I was looking for a 7.5 HP 3-phase motor to use and the cheapest used one I could find was $99.     Like I say, at $25 I'd buy 3 or 4 of them.


----------



## JimDawson (Mar 11, 2019)

Robo_Pi said:


> Surely they aren't actually 75HP. That would be unreal.



Those motor are really 75 HP, 175 amps at 230V.  A little big for most home shops


----------



## Robo_Pi (Mar 11, 2019)

JimDawson said:


> Those motor are really 75 HP, 175 amps at 230V.  A little big for most home shops



Ok, probably don't want those then.  

Although as rotary phase converters they most likely simply wouldn't generate that kind of power. 

But you're right.   None the less, with the tons of 3-phase motors they do have in various lots in that auction you probably could find some suitable motors to use as a 3-phase rotary idler motor.   For my purposes I'm thinking 7.5 HP would probably work.   Although something slightly bigger would probably be better.   Maybe 10 HP.

In a rotary phase convertor the idler motor needs to be about  3 times larger than the motors you want to run.    So if you want to run a 3 HP motor you need a 10 HP idler motor.   Although I've heard of people running a 3 HP motor with rotary phase converters that only had 7.5 HP idlers.   They still work, they just wouldn't be as strong.   

I've been thinking of building a 3-phase rotary converter to run 2 HP 3-phase motors.  So a 7.5 HP motor should work well.   In fact, some people have told me that I could get by with a 5 HP idler.   It just wouldn't deliver as much power as a 7.5 HP would. 

Anyway.  I'm sure I could find something there that would work.   Problem is that the auction is too far away.   I live in PA.   They don't ship anyway, and even if they did the shipping costs would destroy the original deal.   Nothing saved in the end. 

But yeah, someone could find a great deal on some 3 phase motors there.   Assuming you could get them for the starting bid or very close to it.


----------



## JimDawson (Mar 12, 2019)

Robo_Pi said:


> In a rotary phase convertor the idler motor needs to be about 3 times larger than the motors you want to run. So if you want to run a 3 HP motor you need a 10 HP idler motor.



I'm running my 10HP lathe on a 15HP RPC.  1.5 to 2X is all you really need.  It handles a 150% intermittent load with some growling.  Having said that, I do have a 2HP hydraulic pump on that circuit also that is always on when the spindle motor runs, so that adds to the RPC starting power.  Anyway that system runs the 10HP spindle on a VFD, four 1.8 KW servos, two coolant pumps, and the hydraulic pump.


----------



## Robo_Pi (Mar 12, 2019)

I agree.   The approximate 3 time larger is the theoretical ratio often given in theory books.    And I believe that number is actually given to account for other losses in a typical system.      But as a practical matter you can actually get by with far less.   

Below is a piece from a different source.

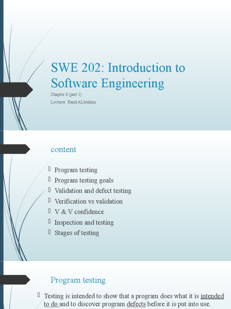 Software testing Concerned with exercising and

In any case, whatever size motor a person might need they might be able to find one at this auction at a pretty decent price.   I'd be happy to get anything from 5 to 10 HP for $25.    And it appears that some of those lots include far more than one motor.   So you might be getting the motors for only a few bucks each in come cases.   Assuming those opening bid prices don't go up much.     That might be the case since there typically aren't a lot of people looking for 3-phase motors.   So this is a chance to get a bunch cheap.   For someone who actually wants them.

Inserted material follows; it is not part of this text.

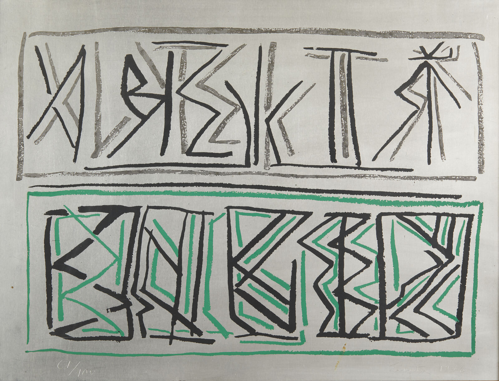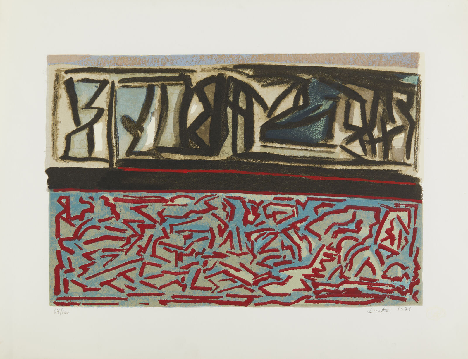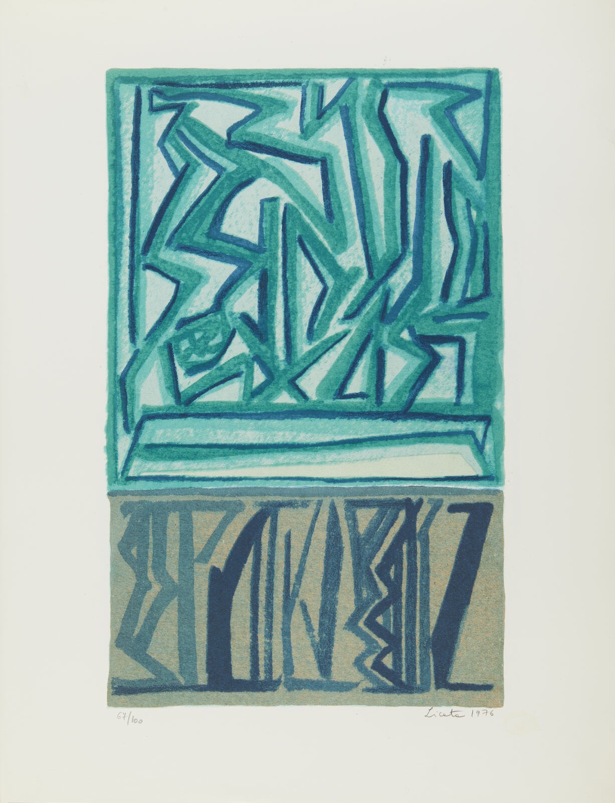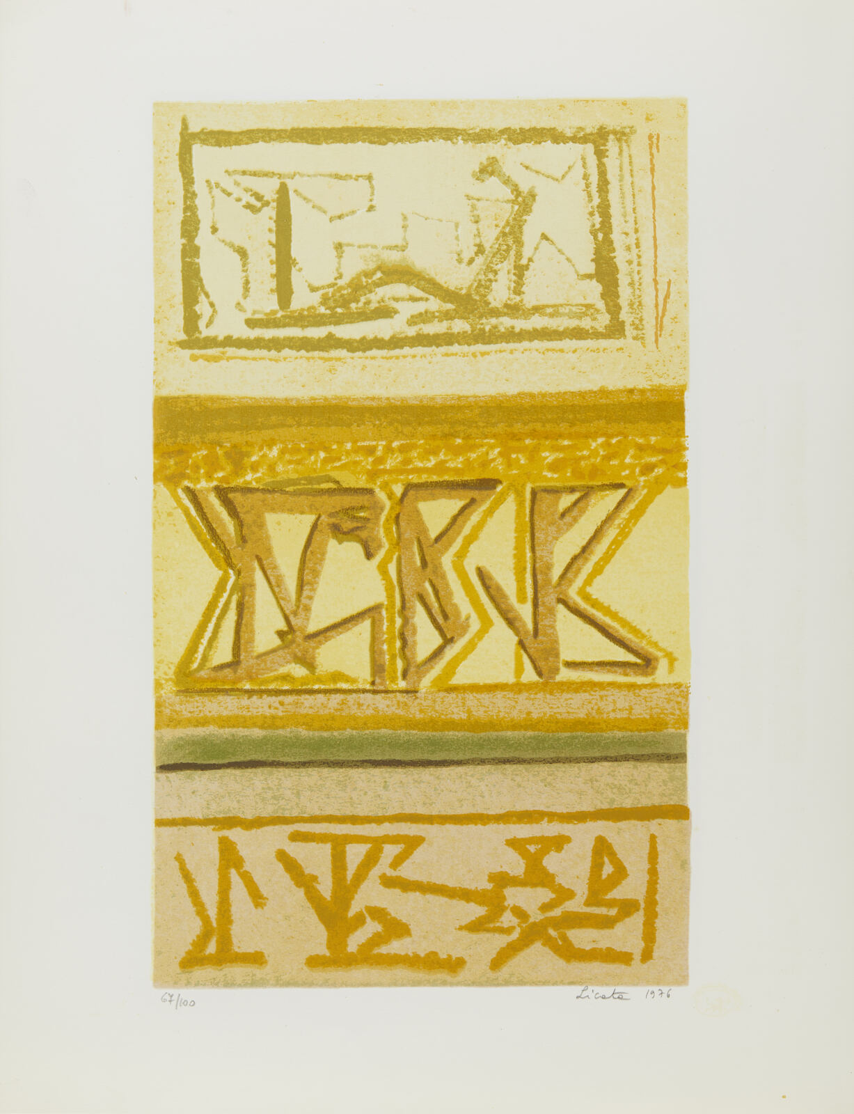 LICATA RICCARDO (1929 - 2014) Senza titolo. 1976. Serigrafia (cartella completa). Cm 46,00 x 60,00. 67/100. Cartella completa composta da n. 5 serigrafie. Ogni foglio è firmato e numerato a matita. Edizione totale: 100 esemplari numerati da 1 a 100 + XX esemplari numerati da I a XX fuori commercio. Editore e stampatore: Multigraphic, Venezia. Carta Miliani di Fabriano. Scatola in legno presente riportante la serigrafia su alluminio.

I wouldn't mind having a bunch of cheap 3-phase motors to play around with.  

If nothing else I'd have fun experimenting with them.  I'd definitely go to that auction and pick some up if there wan't any serious bidding competition.  I'm not going to pay a lot of money for them.   But if I can get them for close to that $25 starting bid, I'd pick some up.   Especially if they are being sold in lots. 


Here's a 3-phase 10 HP starting bid $25







Here's a lot of 23 motors starting at $25.  Some of these might even be 110-220v single phase.  That's almost a buck a piece.  I'd grab up on those for that price.






Here's 3 big ones.   Sold as a lot starting at $25.






With my luck if I went to this auction there would be a bunch of other people wanting these motors too.  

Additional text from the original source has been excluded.